I just can’t leave this thing alone. This is hopefully the last revision I’m going to make to my fake AS3 enum class (here’s the original posting, then two updates). This is inspired by commenter Mikko Korpela, who asked about an iteration ability. Well, that sounds like a fun idea! Let’s fill in some holes and bring it up to par with the enum support in C#.
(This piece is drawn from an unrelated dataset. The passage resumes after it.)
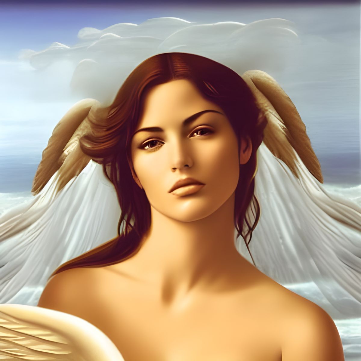 A hyperrealistic photograph inspired by Botticelli's Birth of Venus, featuring Monica Bellucci emerging from high waves, surrounded by flying angels. The image shows a modern take on the classic scene.
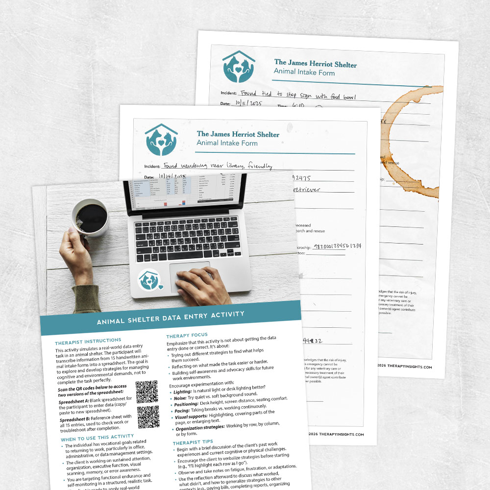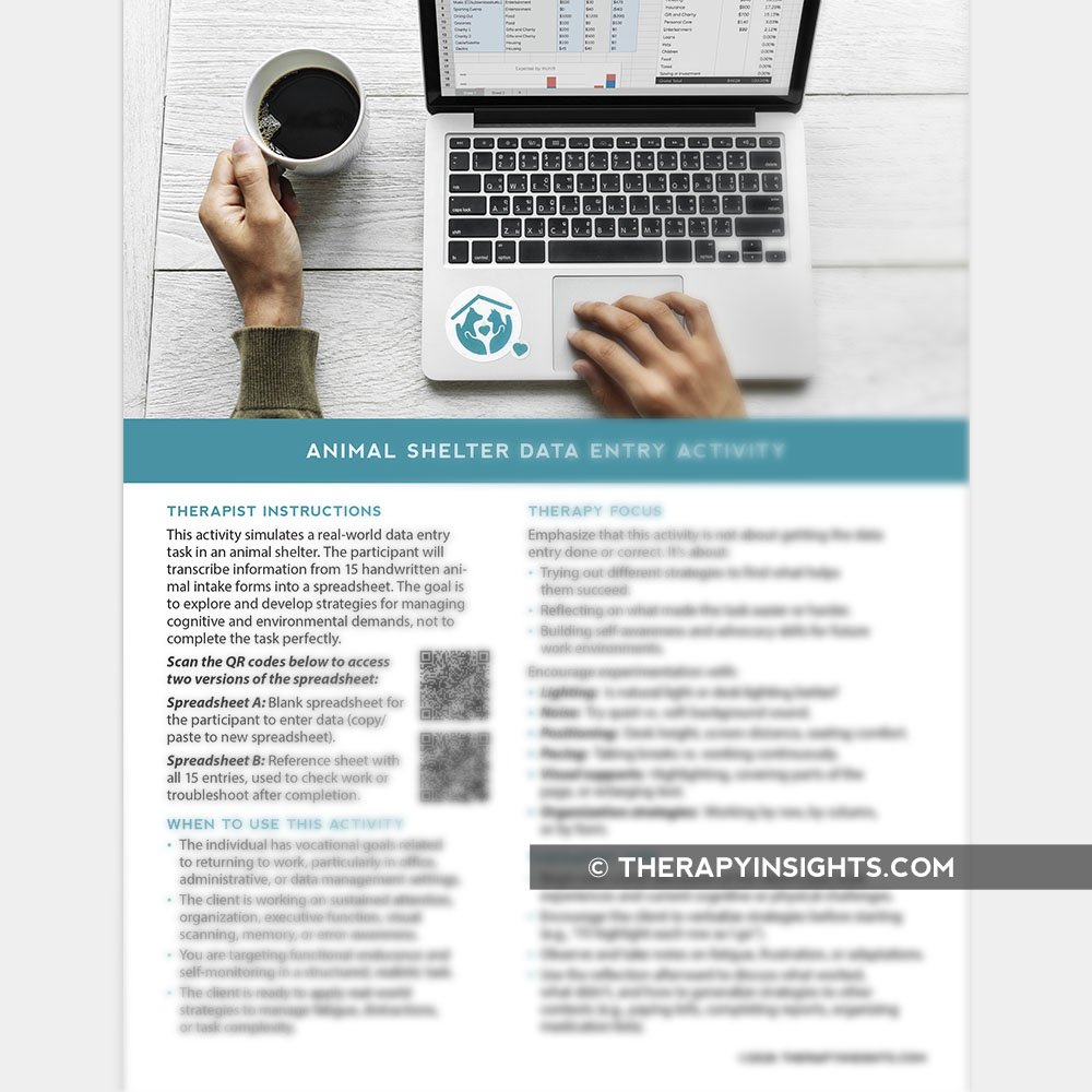 ADLs/IADLsBrain InjuryProgressive Neurological ConditionsStrokeThis functional data entry activity helps clients preparing to return to work practice organization, attention, and self-monitoring within a realistic context. Use it to explore effective strategies for managing distractions, fatigue, and task complexity while building confidence and insight into work-related cognitive demands.

Sorry it took me so long to get around to this Miko, but I’ve had my Flex work on hold for a while. But recently I did some Flash work at PopCap and it got me back in the mood again.

New Enum Features

Here’s my Ultimate AS3 Fake Enum class, which has the following new features:

  • Further type safety. Only the enum can construct its own constants now, via enum constructor protection. This should prevent people using the constants incorrectly (e.g. someone is incorrectly new’ing them up instead of using MyEnum.MyConstant).
  • Every constant now gets a zero-based index that corresponds to the order it is created in the class. Access via the Index accessor on the constant. Useful in serialization code, for example.
  • Added a new GetConstants method that returns an array of all the constants, where each constant’s slot in the array corresponds to its Index.
  • Added a new ParseConstant method that does the reverse of toString(). Given a constant’s Name, return the constant. Case sensitivity optional and off by default for convenience.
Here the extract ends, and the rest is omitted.